**Exercise objective:** Copy exactly, from the beginning of the material below, every line up to and including the one holding "Beveled egde two", with the pictures left out.

*** Given data Section Begins ***

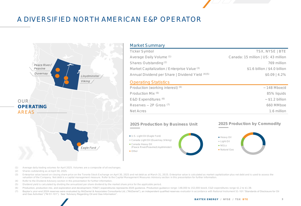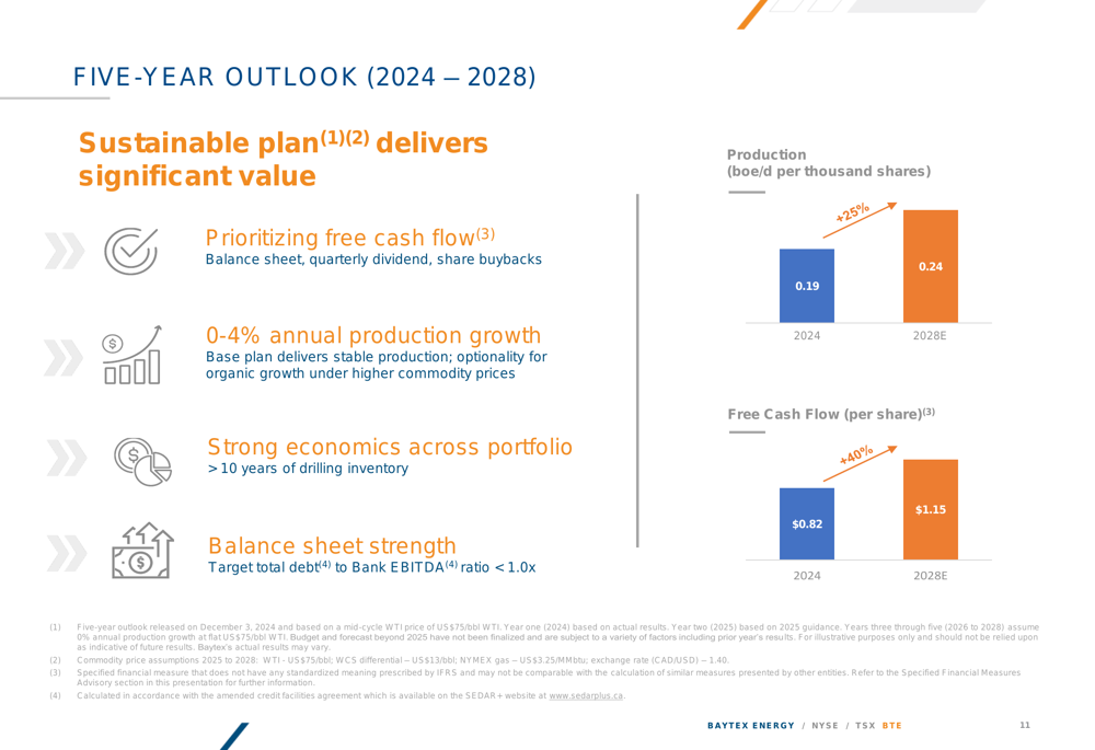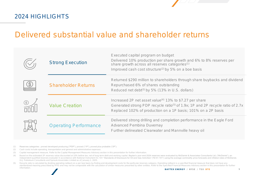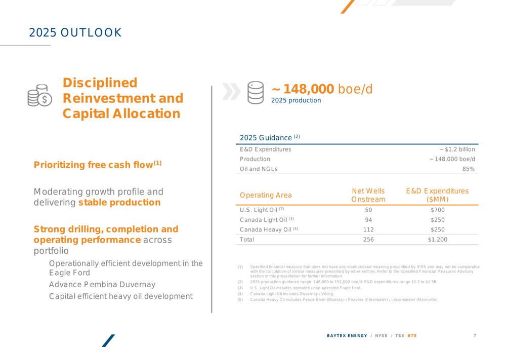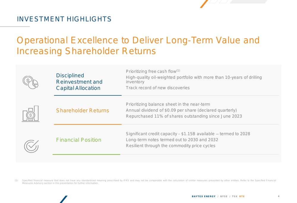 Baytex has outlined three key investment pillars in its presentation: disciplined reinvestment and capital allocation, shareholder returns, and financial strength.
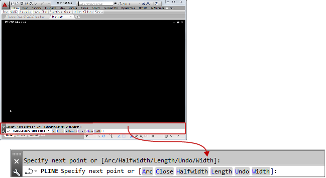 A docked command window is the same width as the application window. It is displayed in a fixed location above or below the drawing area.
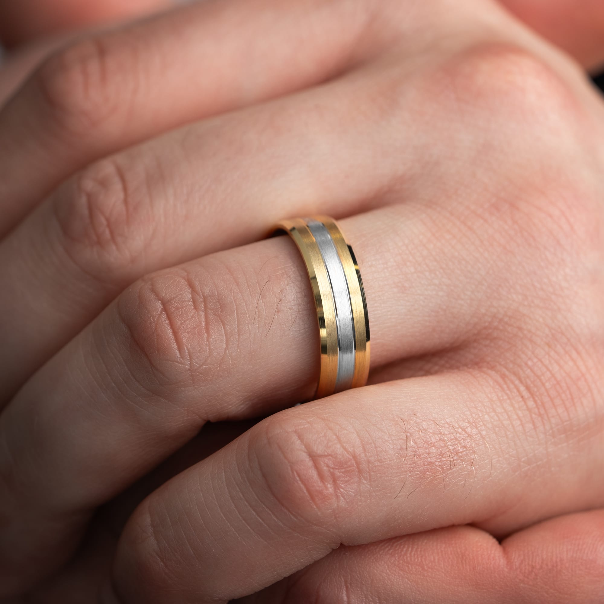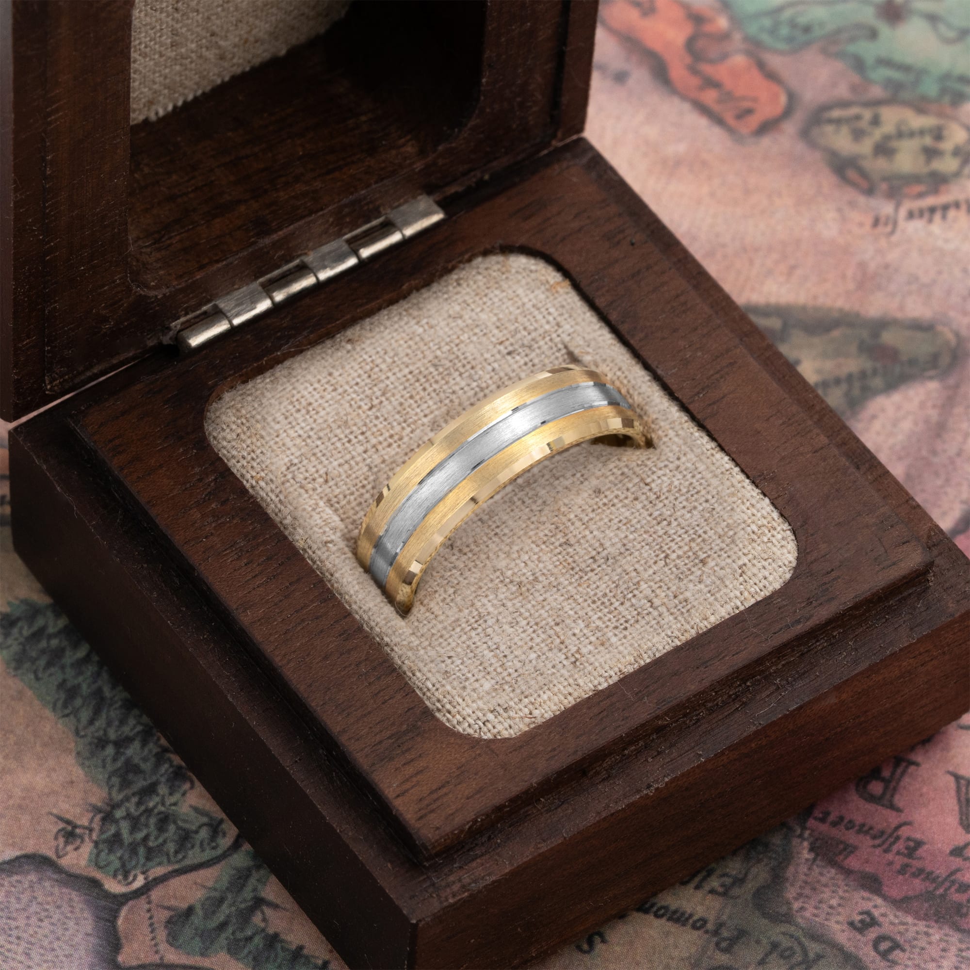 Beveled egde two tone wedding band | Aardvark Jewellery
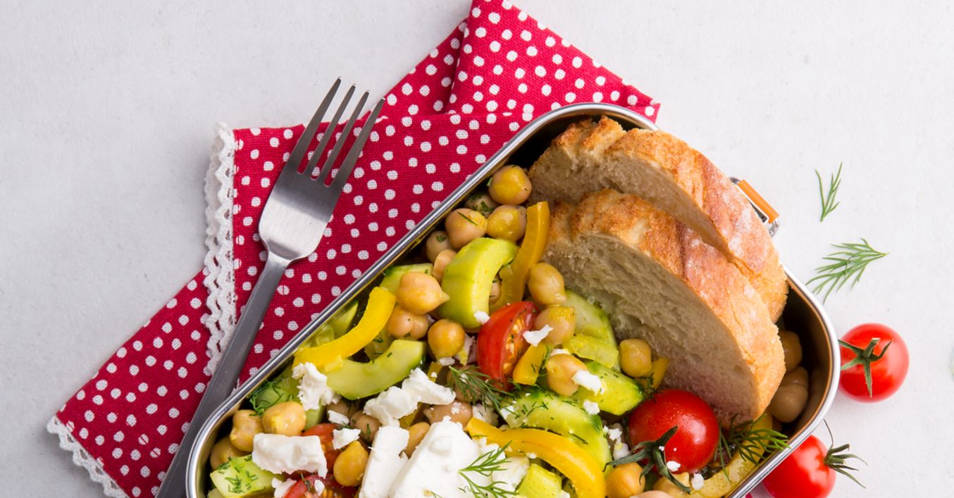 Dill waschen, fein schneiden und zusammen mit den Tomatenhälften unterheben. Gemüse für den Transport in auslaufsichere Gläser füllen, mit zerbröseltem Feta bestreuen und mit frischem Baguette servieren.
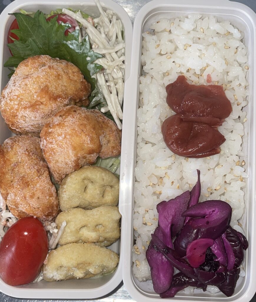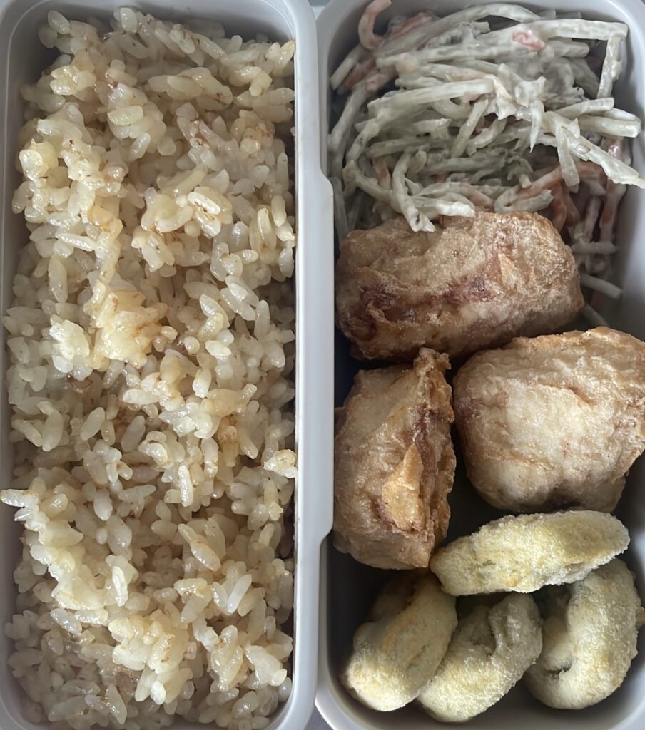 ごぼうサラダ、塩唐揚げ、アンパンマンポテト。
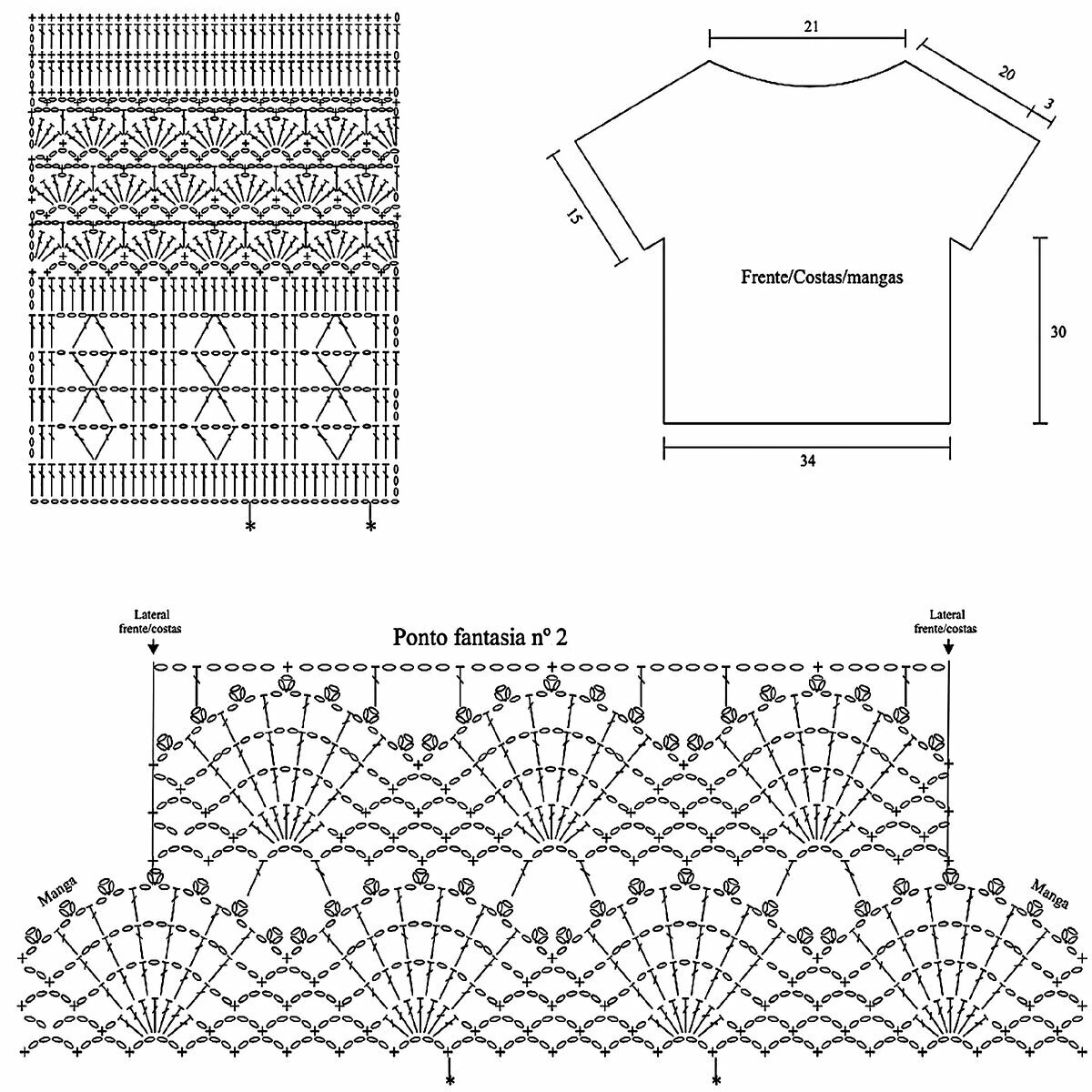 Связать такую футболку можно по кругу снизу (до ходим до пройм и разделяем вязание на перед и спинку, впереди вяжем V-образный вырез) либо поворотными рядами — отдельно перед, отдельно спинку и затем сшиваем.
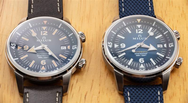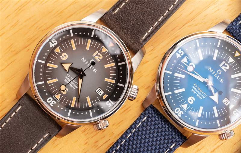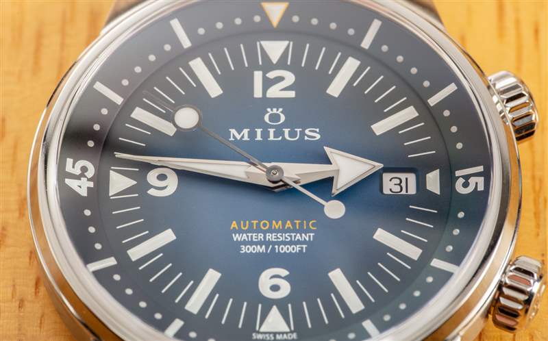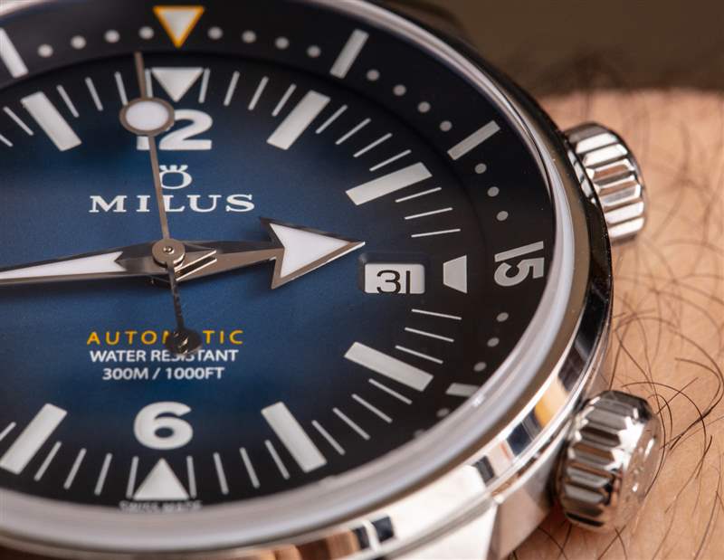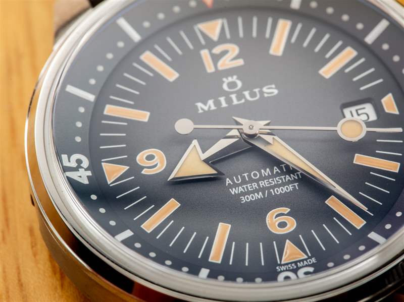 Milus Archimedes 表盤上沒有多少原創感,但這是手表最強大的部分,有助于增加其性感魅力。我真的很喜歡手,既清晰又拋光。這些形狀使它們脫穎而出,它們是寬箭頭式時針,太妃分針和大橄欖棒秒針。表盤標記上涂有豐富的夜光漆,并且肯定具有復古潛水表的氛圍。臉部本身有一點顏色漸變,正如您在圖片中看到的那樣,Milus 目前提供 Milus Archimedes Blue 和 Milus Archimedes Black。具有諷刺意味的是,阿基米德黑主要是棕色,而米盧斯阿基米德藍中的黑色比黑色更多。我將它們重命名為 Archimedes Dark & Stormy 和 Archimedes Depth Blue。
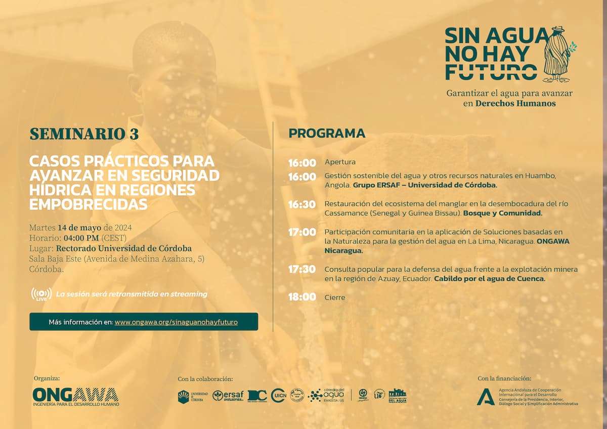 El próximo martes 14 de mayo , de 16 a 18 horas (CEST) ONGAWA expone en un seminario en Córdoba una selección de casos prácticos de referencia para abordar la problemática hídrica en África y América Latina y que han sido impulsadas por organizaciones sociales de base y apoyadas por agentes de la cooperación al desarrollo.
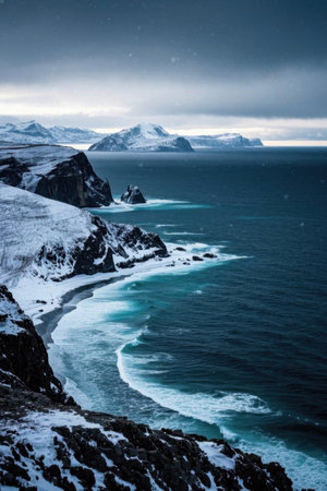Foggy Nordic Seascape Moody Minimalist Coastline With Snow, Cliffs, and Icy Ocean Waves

*** Given data Section Ends ***

**Your response:**
 Baytex has outlined three key investment pillars in its presentation: disciplined reinvestment and capital allocation, shareholder returns, and financial strength.
 A docked command window is the same width as the application window. It is displayed in a fixed location above or below the drawing area.
 Beveled egde two tone wedding band | Aardvark Jewellery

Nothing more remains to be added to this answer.